④オンラインを活用した新たな人材開発市場の拡張
当社グループでは、コロナ禍以前は対面形式での研修やコンサルティングが中心であったものの、顧客・プロフェッショナルタレントとの強いパートナーシップを活かすことにより、コロナ禍においても、研修やコンサルティングをオンライン形式で提供出来る体制を短期間で構築してまいりました。現在、当社が提供する研修の大半はオンライン形式に移行して実施しており、顧客企業の研修企画・運営を効率的にサポートするための運用ノウハウを蓄積出来たと考えております。
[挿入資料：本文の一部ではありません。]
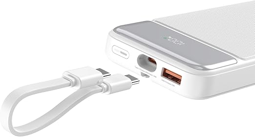 10000mAh 22.5W Led Ekranlı Lightning ve Type-C Kablolu Powerbank Taşınabilir Hızlı Şarj Cihazı Beyaz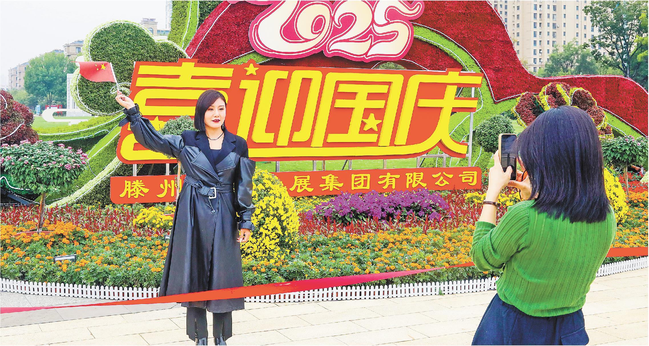 国庆期间,滕州在城区部分区域摆放各类时令花卉10万余株,营造欢乐、祥和、喜庆的节日氛围。滕州市民公园布置的花架,是此次节日景观打造的亮点之一,花架由3万余株时令花卉簇拥而成,以“礼赞新时代、奋进新征程”为核心主题,呈现出长20米、高6.5米的立体造型。图为市民在“喜迎国庆”主题景观前拍照。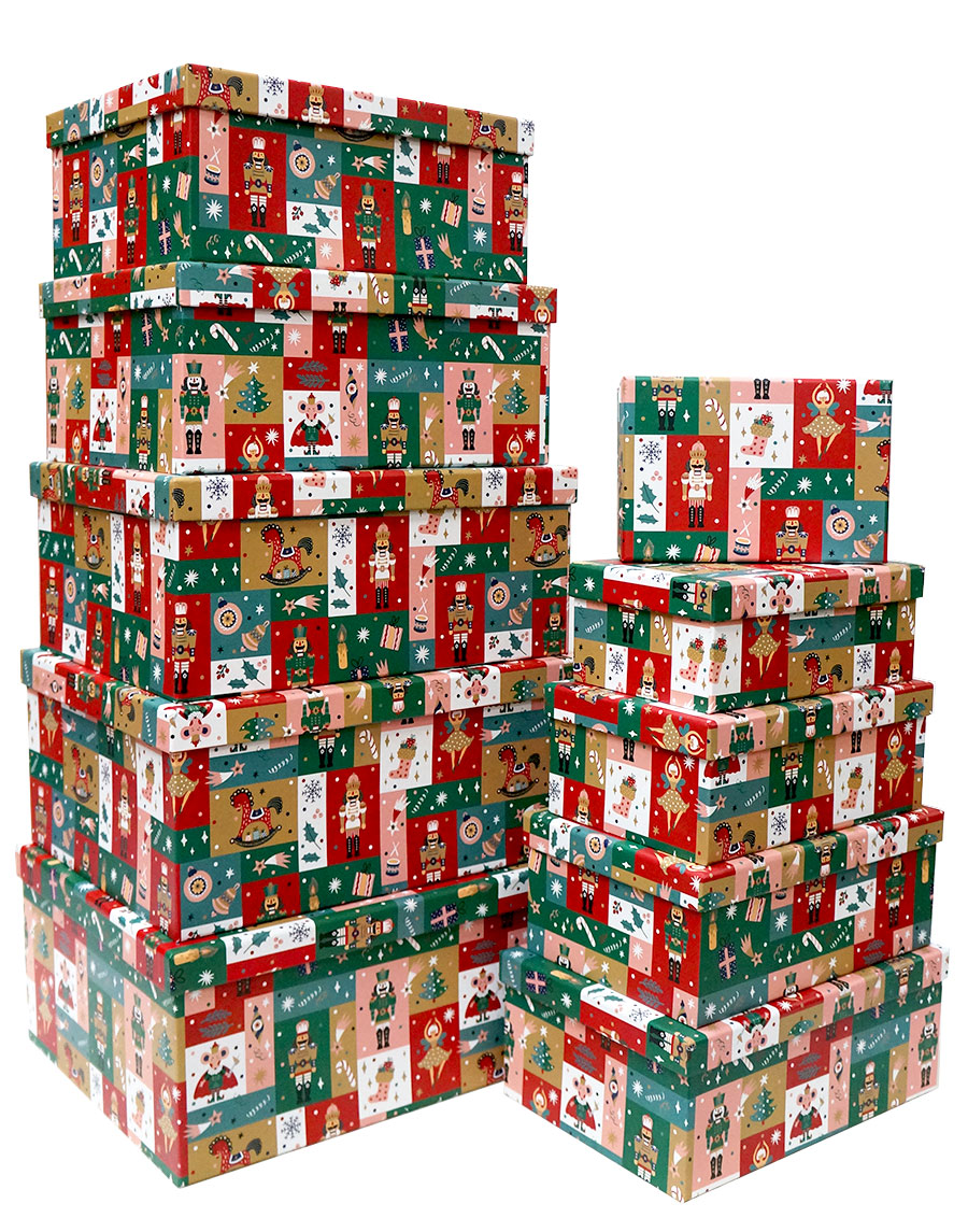 Набор из десяти новогодних прямоугольных подарочных коробок, расцветка "Щелкунчик". Коробки изготовлены из плотного картона, отделка подарочных коробок выполнена матовой бумагой с новогодним рисунком.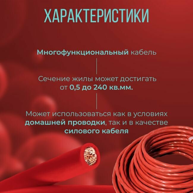 Провод электрический многожильный ПУГВ ПВ3, 750В, 1х50 красный 6м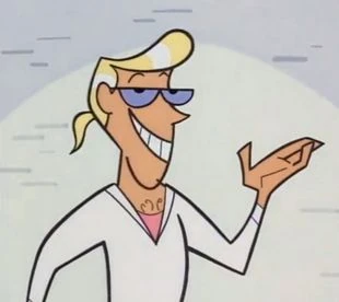 - He visually resembles Dexter's dad from Dexter's Laboratory. They both have blonde hair and wear glasses. They are also both voiced by Jeff Bennett.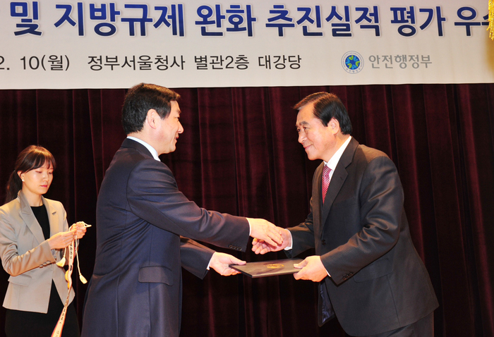 양주시는 안전행정부가 실시한 지방규제완화 추진실적 평가에서 규제개선 노력도 및 단체장 관심도 등의 실적을 인정받아 우수기관으로 선정, 10일 서울시 종로구 소재 정부서울청사에서 지방규제완화 대통령 표창을 수상했다.

今後は、対面での集合研修とオンラインを活用した研修を融合し、これまで以上に時間効率や投資効率が高い企画運営サービスを提供してまいります。また、時間的制約等により限定的な取り組みとなっていた経営メンタリングやグループ・コーチングをオンラインで実施する等、オンライン環境を活用した新たな人材開発・組織開発の機会を追求することに注力してまいります。